Those We Lost
Those We Lost: Recent passings in the Irish and Irish-American community
Molloy was the 34th and last doorkeeper who held this position, which was created in 1789. He lost his job after the 1994 election when Republicans gained control of the House and eliminated the job. The duties of the doorkeeper, which included supervision of the House document room, the press gallery, the photography office and 400 employees, were redistributed in attempt to save money. The duty of introducing important figures was passed onto the sergeant of arms.
In his youth, Molloy paid his way through Canisius College working at the Buffalo Fire Department until he graduated in 1958. A third-generation Irish-American, Molloy was honored with an Outstanding Citizen Award from the New York State AFL-CIO, the President’s Award from NY State Federation of Police, and the U.S. Senate Youth Alumni Association Outstanding Service Award. In 2006, he received a more personal honor when his local post office on South Park Avenue was renamed the James T. Molloy in 2006.
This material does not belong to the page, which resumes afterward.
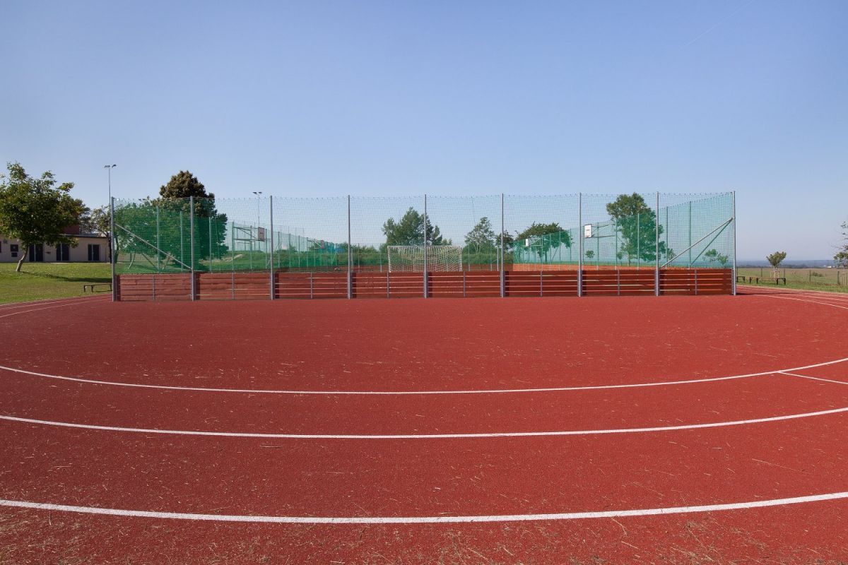 Realizace sportovního areálu SK Rudolfov - atletický ovál s vodopropustným polyuretanovým povrchem stříkaným (623,5 m2), sportovní plochy s vodopropustným polyuretanovým povrchem jednovrstvým (2044 m2), sportovní dopadová plocha pod workoutové cvičící prvky z vodopropustného polyuretanového povrchu (225 m2), realizace hřiště s umělým trávníkem 3. generace (UT3G) s pískovým a granulátovým vsypem (2100 m2), realizace zemních prací, podkladních vrstev a drenážních asfaltů, realizace odvodnění ploch (drenáže, vsakovací jímky), realizace umělého osvětlení fotbalového hřiště (osvětlenost 300 lx), dodávka a montáž sportovního vybavení, dodávka a montáž workoutových cvičících prvků, realizace oplocení sportovního areálu a hřišť, realizace terénních a sadových úprav.

Paddy Murphy, whose persistence through a seven-year battle with a degenerative disease enabled a TV documentary on an Irish famine ship to be broadcast, has died. He was 70.
Patrick Bernard Murphy was retired from a marketing career when he picked up the tale of the Irish famine ship Hannah sinking in 1849. He was a descendant of Bernard Murphy, who was saved from the icy water as a child.
Paddy had MSA, Multiple System Atrophy, and raced against its progression to tell the story of the sinking, in which many Irish immigrants perished on the ice floes of the Gulf of St. Lawrence in Canada.
Paddy’s research led to a documentary, Famine and Shipwreck: An Irish Odyssey on BBC Northern Ireland and the CBC in Canada. An article in Irish America in Aug./Sept. 2008 was a key link to getting the story told. The great-great-grandson of William Marshall, the captain of the ship which saved Hannah passengers, found the story on the Internet and connected with Murphy. It proved to be a vital link in getting the documentary made.
“Paddy left us on the seventh day of the seventh month of the seventh year of his illness,” said his wife Jane. “His four loving children were with him.” Daughter Kathy Pugliese said her father was a man who packed a full life into his 70 years.
Murphy’s ashes were interred in Westport, Ontario on July 30 following a prayer vigil at the Mission on the Mountain, the site of the area’s first Roman Catholic Church. He was instrumental in getting the location designated a historical site.
– John Kernaghan
Irish artist and sculptor Eamonn O’Doherty passed away in Gorey District Hospital, Co. Wexford on August 4, 2011 at the age of 72.
Known primarily for his popular sculptures throughout Ireland and the United States, O’Doherty was born in Derry in 1939 and studied architecture at University College Dublin before continuing his studies on scholarship at Harvard University. His most widely recognized works includes Fauscailt (Co. Wexford, 1998), Crann an Oir (outside the Central Bank in Dublin, 1991), and Anna Livia (widely known as the “floozie in the Jacuzzi”), which the city council controversially removed from Dublin’s O’Connell Street in 2002, and has since been placed near Heuston Station. His most notable work in the Americas is the Great Hunger Memorial in Ardsley, Westchester County, New York, completed in 2001.
Also an academic, painter, architect, and musician, he taught at several universities throughout the United States and Europe and was scheduled to open a new exhibition of drawings in Dublin this September. Fellow artist Mick O’Dea remembered him in the Irish Times as “a maker, shaper, [and] lover of life,” and remarked, “his contribution to Irish artistic life has been enormous.” O’Doherty leaves behind his wife, Barbara, daughters Aisling, Medhan and Rosie, and son, Eoin.